SUPPLIED RECORDS
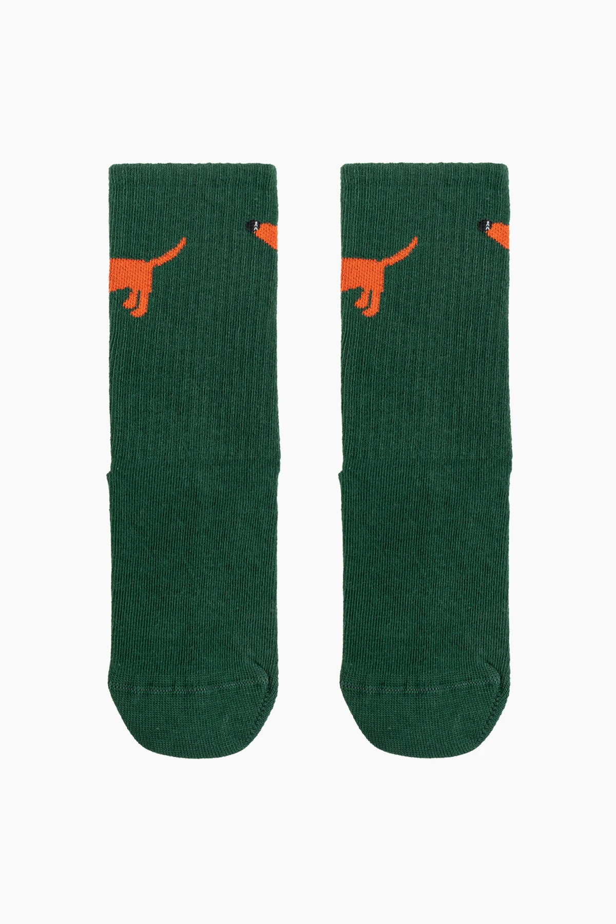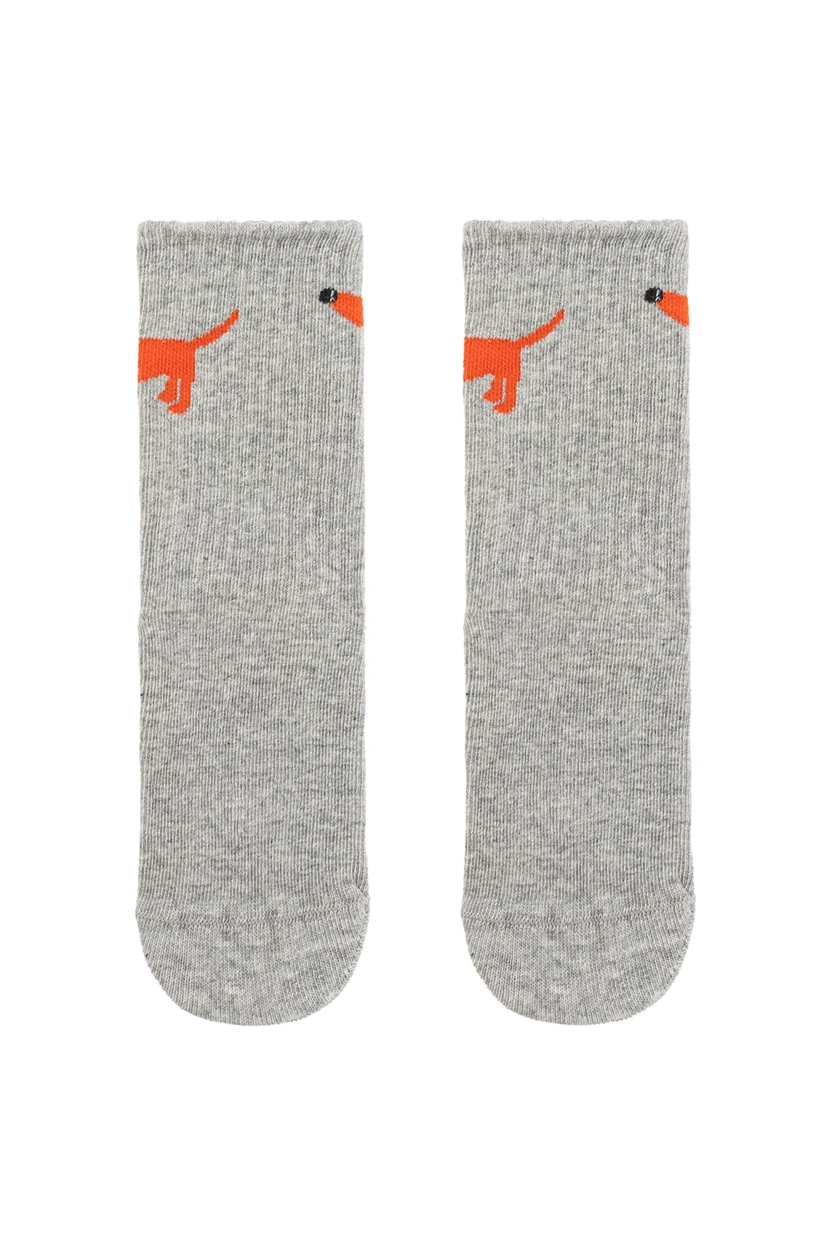 Die Socken sind in zwei raffinierten Farben erhältlich: grün und grau. Jedes Paar ist mit einem charmanten Muster eines orangefarbenen Hundes mit schwarzer Nase verziert, das ihnen einen unverwechselbaren Charme verleiht. Das Muster befindet sich auf dem oberen Teil der Socken, was ihre Eleganz unterstreicht.
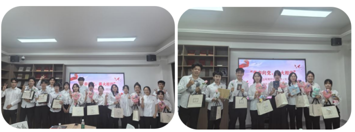 最令人动容的,是2022级学弟学妹的心意。在活动开始前,他们利用课余时间,亲手制作了一束束精美的手工花束。每一朵花,都凝聚着他们的用心与祝福;每一片花瓣,都承载着深厚的情谊。除此之外,他们还自行为每一位毕业生党员准备了独特的礼物,精心装在礼盒中。这些礼物,或许不是价值连城,却因饱含着真心,而显得格外珍贵。当毕业生党员们接过花束与礼盒的那一刻,眼中闪烁的光芒,是感动,是惊喜,更是被深深触动的温暖。
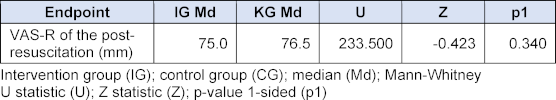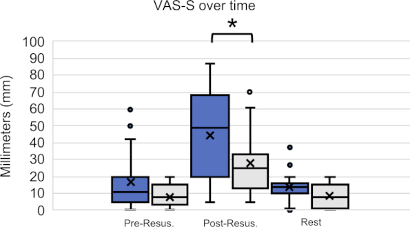 The primary target of subjective resuscitation quality was assessed using a visual analog scale ranging from 0 mm (“poor resuscitation”) to 100 mm (“excellent resuscitation”), which was completed by the subjects immediately after resuscitation.
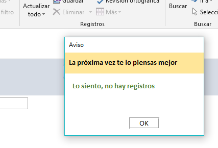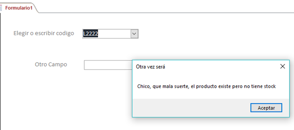 MsgBox "Chico, que mala suerte, el producto existe pero no tiene stock", vbOKOnly, "Otra vez será"
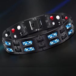 Stylish & Durable 2-Tone Titanium Double Row Black Blue Hued Anti-Static Magnetic Bracelet $18Houston, TX
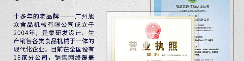 廣州旭眾食品機(jī)械有限公司是一家集科研開發(fā),生產(chǎn)設(shè)計(jì),營銷服務(wù)為一體的現(xiàn)代化生產(chǎn)企業(yè)。現(xiàn)代化生產(chǎn)車間,精湛制造技術(shù),所產(chǎn)機(jī)械歷經(jīng)市場重重考驗(yàn),不斷贏得海內(nèi)外客戶的贊譽(yù)。
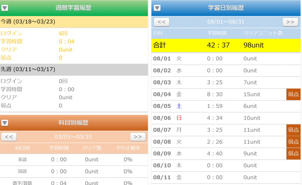 Hさんの2017年8月の学習履歴(保護者管理画面より)
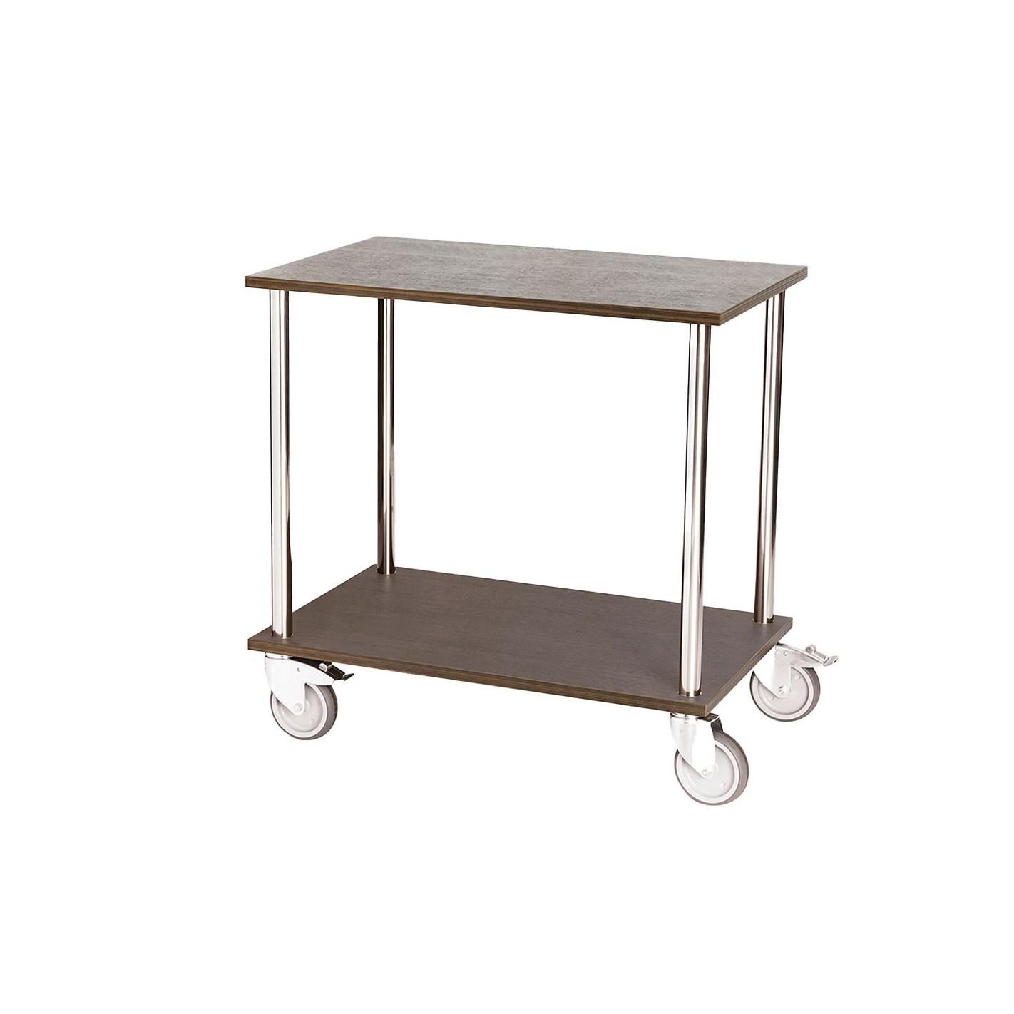 Disponible en dos acabados —roble claro y roble oscuro— se adapta tanto a ambientes modernos como tradicionales, combinando calidez visual con un estilo sobrio y profesional. Su diseño equilibrado proporciona una excelente capacidad de carga y maniobrabilidad, facilitando el traslado de vajilla, bandejas, bebidas y utensilios de trabajo.
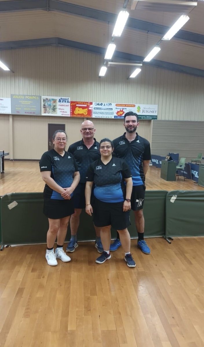 La D4 de Joce emmenée par Alicia (6/5/5/5) en déplacement face à Andard (6/5/5/5) Ça y est !!! elle l’a fait !! BRAVOOOOOOOOO le 1er point officiel d’Alicia en championnat 😊 Il y avait déjà eu un double… Mais en simple c’est le 1er … d’une longue série 😊 Bravo aussi à Rodolphe avec 2 points ! Le fameux picot de Christine a aussi frappé pour marquer 2 pts. Toutes ces bonnes nouvelles n’auront pas suffi, défaite 13-5. C’est ce qu’on appelle une défaite encourageante 😊

TASK DETAILS
How would the lines above read from the one with "最令人动容的,是2022级学" to the one with "The primary target", inclusive, with no pictures? Write them out exactly.

ANSWER BOX
 最令人动容的,是2022级学弟学妹的心意。在活动开始前,他们利用课余时间,亲手制作了一束束精美的手工花束。每一朵花,都凝聚着他们的用心与祝福;每一片花瓣,都承载着深厚的情谊。除此之外,他们还自行为每一位毕业生党员准备了独特的礼物,精心装在礼盒中。这些礼物,或许不是价值连城,却因饱含着真心,而显得格外珍贵。当毕业生党员们接过花束与礼盒的那一刻,眼中闪烁的光芒,是感动,是惊喜,更是被深深触动的温暖。
 The primary target of subjective resuscitation quality was assessed using a visual analog scale ranging from 0 mm (“poor resuscitation”) to 100 mm (“excellent resuscitation”), which was completed by the subjects immediately after resuscitation.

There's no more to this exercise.